WORK REQUEST:
Output exactly the lines of the listing below that run from the line with "27日上午,周正龍涉嫌詐騙及" through the line with "4. The report". No pictures.

*** Opening of DATASET ***

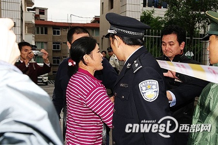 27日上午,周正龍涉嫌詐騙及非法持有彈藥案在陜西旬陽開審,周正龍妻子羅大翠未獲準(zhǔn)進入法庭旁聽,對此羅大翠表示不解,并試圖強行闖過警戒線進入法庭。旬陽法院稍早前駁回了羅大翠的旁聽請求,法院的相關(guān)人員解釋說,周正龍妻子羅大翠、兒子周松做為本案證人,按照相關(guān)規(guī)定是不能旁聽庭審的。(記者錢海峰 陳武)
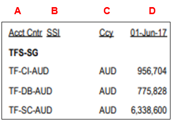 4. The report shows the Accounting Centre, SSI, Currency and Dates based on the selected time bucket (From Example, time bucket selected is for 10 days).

*** Close of DATASET ***
*** Opening of DATASET ***

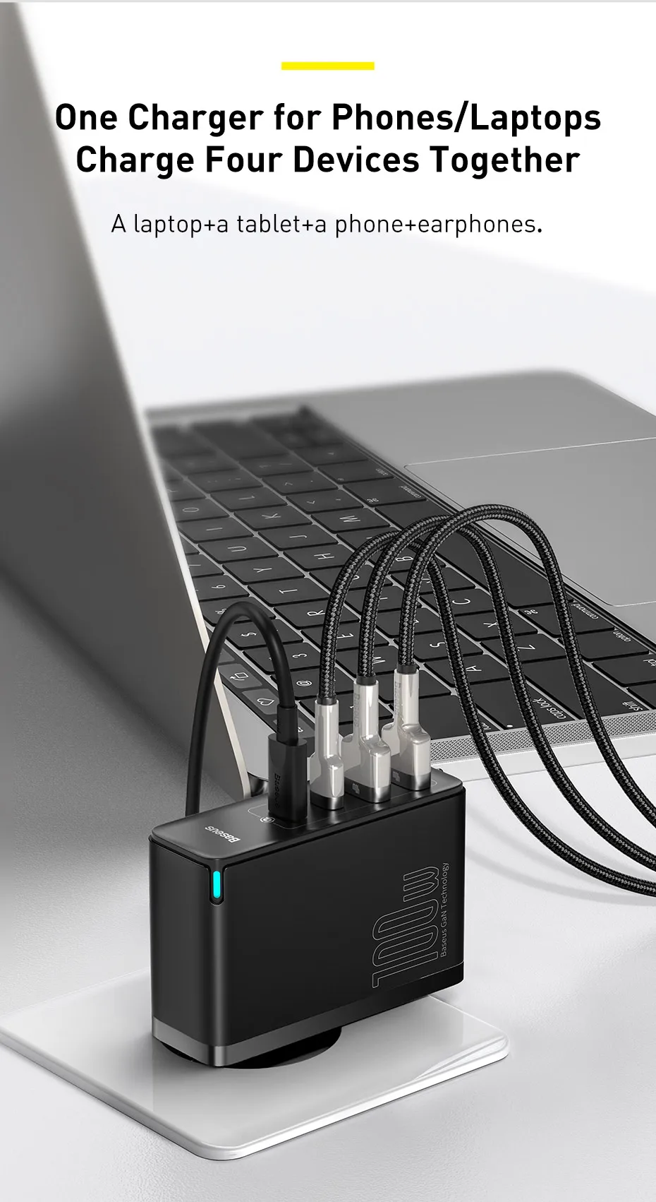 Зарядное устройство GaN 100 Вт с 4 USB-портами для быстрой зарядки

*** Close of DATASET ***
*** Opening of DATASET ***

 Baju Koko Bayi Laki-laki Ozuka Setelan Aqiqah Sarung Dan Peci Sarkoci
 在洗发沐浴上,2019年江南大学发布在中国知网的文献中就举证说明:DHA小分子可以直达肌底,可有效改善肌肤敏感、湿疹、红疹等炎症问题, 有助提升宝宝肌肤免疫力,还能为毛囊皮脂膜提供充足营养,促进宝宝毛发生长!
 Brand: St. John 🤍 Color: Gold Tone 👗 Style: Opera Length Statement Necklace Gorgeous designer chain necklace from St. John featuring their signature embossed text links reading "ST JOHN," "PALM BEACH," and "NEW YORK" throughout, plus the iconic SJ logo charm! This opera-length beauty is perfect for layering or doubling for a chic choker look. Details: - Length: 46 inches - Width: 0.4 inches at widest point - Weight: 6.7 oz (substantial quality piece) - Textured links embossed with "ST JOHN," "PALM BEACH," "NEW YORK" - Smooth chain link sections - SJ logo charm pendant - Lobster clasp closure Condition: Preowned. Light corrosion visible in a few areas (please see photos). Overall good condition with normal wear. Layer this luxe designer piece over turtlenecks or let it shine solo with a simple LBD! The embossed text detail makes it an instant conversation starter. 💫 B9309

*** Close of DATASET ***

RESPONSE FOR THIS EXERCISE:
 27日上午,周正龍涉嫌詐騙及非法持有彈藥案在陜西旬陽開審,周正龍妻子羅大翠未獲準(zhǔn)進入法庭旁聽,對此羅大翠表示不解,并試圖強行闖過警戒線進入法庭。旬陽法院稍早前駁回了羅大翠的旁聽請求,法院的相關(guān)人員解釋說,周正龍妻子羅大翠、兒子周松做為本案證人,按照相關(guān)規(guī)定是不能旁聽庭審的。(記者錢海峰 陳武)
 4. The report shows the Accounting Centre, SSI, Currency and Dates based on the selected time bucket (From Example, time bucket selected is for 10 days).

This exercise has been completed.